这几个月以来,除开内宫,他干的每一件事无不令四海臣服。现在当务之急,也就剩下王氏还没有着手料理,太后想自己与其为了一个已死的崔氏和皇帝犟,不如先设法除去王戬,稳固政权。

    也许唯有漫长的时光,才能抚平人内心的疮痛。

    当年失去她心爱的男子之时,也是剧痛,不过入宫几年,在泥与云的挣扎蜕变之中,她早已将那些抛到了九霄云外。毕竟只有活命,活成人上人,才不会再有求而不得的事情。

    只是太后这一撒手,这座皇后的牌位便被供奉入椒房殿,一奉便是三年,没有丝毫动摇。
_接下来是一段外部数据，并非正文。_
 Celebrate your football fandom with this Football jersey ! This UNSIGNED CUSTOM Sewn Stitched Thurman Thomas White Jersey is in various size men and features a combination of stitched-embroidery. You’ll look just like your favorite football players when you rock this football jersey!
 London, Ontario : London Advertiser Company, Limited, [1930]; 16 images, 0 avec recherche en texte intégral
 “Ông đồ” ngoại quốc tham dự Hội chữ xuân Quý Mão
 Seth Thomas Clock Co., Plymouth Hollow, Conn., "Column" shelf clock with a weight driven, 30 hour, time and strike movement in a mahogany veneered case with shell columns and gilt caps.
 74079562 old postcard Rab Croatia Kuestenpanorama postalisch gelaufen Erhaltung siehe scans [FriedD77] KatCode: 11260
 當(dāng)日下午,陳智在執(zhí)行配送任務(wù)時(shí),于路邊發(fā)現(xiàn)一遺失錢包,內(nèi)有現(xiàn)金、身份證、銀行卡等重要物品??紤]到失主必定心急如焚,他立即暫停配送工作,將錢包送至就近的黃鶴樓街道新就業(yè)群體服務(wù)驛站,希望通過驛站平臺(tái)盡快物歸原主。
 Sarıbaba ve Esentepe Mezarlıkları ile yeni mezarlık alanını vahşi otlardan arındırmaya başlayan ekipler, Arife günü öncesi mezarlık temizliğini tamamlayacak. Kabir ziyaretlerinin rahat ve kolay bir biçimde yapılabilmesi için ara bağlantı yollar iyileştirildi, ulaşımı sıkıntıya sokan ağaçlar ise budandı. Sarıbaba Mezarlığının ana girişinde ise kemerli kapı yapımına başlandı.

    皇帝没有后宫,日夜都驻扎在太极殿,不知疲倦地处理政务,不问声色犬马,修性孤寡,像一个真正脱俗超凡的圣人。他除蛀蠹,削兵权,固帝位,杀叛逆,一样眼也不眨,但同时选贤与能,重科举与农桑,扶植海上贸易,减免赋税。仁政与苛政并施,期年,政通人和,多国来朝。

    晨昏颠来倒去,明启三年冬,圣人为太上皇服丧期满,关于这选秀的事,却再一次提上了奏疏,一把把地搬到了贺兰桀的案前。

    作者有话说:

    贺狗子已经是疯批大狗子了。

    三年里其实还有很多事,不写只是埋了个伏笔,等男女主见面了再慢慢发掘。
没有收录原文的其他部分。